╭─ Data to use

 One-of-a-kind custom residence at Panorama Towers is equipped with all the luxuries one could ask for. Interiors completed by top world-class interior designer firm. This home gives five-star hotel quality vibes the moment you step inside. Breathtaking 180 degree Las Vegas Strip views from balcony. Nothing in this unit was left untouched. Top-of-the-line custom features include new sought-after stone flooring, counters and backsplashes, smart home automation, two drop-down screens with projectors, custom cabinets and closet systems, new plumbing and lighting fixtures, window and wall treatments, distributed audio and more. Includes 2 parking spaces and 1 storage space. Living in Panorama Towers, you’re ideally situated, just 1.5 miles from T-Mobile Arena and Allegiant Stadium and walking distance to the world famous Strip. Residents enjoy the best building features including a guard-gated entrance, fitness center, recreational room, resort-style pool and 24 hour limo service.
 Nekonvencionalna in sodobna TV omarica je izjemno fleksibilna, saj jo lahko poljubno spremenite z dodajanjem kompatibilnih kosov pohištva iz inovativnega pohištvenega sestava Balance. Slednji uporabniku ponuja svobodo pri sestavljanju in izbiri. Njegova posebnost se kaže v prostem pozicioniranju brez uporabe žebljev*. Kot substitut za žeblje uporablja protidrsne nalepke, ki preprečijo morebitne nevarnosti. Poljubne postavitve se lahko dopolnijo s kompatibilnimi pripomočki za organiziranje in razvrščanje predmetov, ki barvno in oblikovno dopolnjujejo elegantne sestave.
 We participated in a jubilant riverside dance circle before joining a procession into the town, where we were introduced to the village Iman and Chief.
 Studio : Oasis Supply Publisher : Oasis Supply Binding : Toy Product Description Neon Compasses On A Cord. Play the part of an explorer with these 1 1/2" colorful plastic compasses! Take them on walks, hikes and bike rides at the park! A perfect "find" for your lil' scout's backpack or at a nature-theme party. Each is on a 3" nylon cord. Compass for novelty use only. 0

╰─
╭─ Data to use

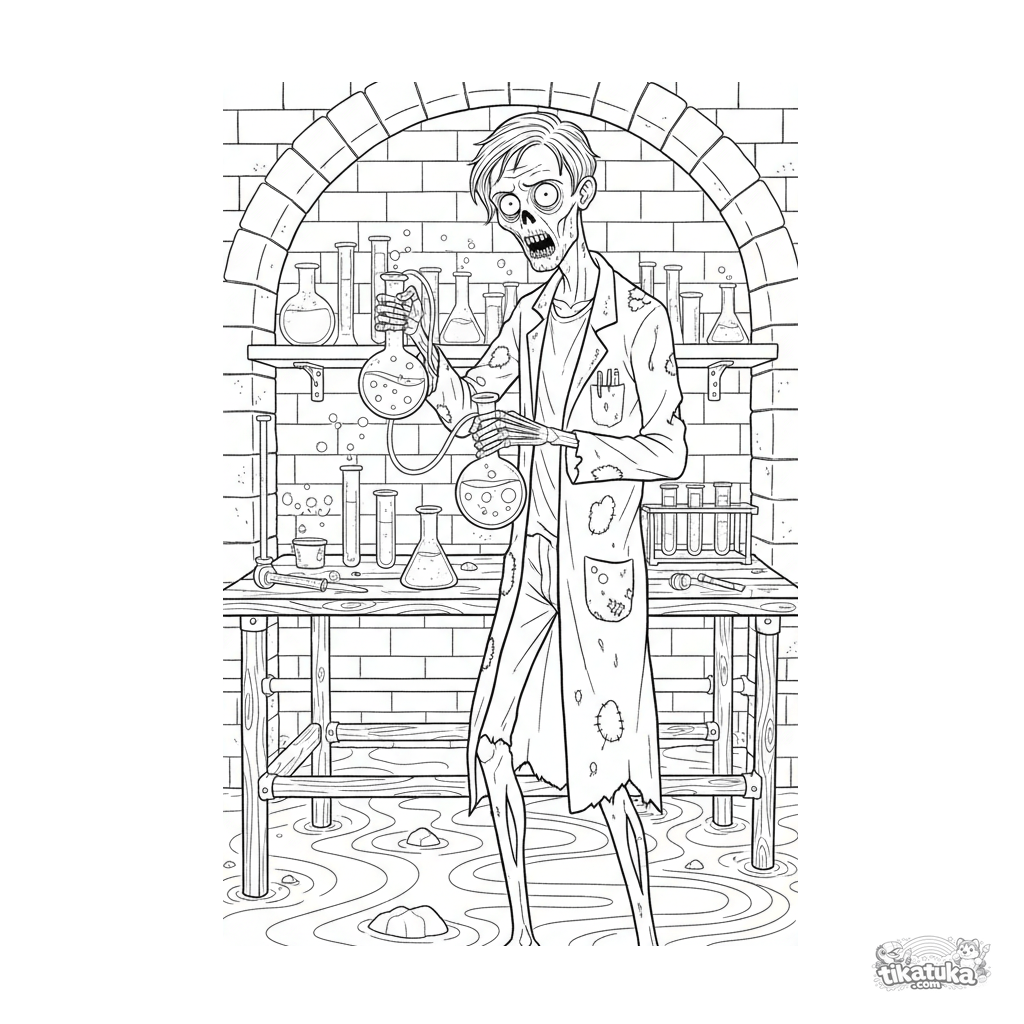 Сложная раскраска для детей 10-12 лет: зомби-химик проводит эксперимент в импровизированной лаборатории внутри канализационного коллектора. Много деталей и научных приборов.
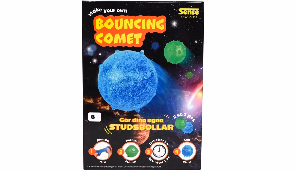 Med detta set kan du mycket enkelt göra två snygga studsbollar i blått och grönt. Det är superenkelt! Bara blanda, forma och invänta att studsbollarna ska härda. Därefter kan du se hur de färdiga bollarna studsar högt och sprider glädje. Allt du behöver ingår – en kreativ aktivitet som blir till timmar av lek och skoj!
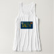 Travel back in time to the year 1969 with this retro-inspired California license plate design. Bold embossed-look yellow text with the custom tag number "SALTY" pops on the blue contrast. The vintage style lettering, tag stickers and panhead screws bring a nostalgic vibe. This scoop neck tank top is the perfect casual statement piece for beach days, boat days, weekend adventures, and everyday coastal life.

╰─

> [Assignment]: Above are the records; copy exactly the lines from the one with "Med detta set" through the one with "Travel back in", including both, and nothing more. Leave out pictures.

> [Task answer]:
 Med detta set kan du mycket enkelt göra två snygga studsbollar i blått och grönt. Det är superenkelt! Bara blanda, forma och invänta att studsbollarna ska härda. Därefter kan du se hur de färdiga bollarna studsar högt och sprider glädje. Allt du behöver ingår – en kreativ aktivitet som blir till timmar av lek och skoj!
 Travel back in time to the year 1969 with this retro-inspired California license plate design. Bold embossed-look yellow text with the custom tag number "SALTY" pops on the blue contrast. The vintage style lettering, tag stickers and panhead screws bring a nostalgic vibe. This scoop neck tank top is the perfect casual statement piece for beach days, boat days, weekend adventures, and everyday coastal life.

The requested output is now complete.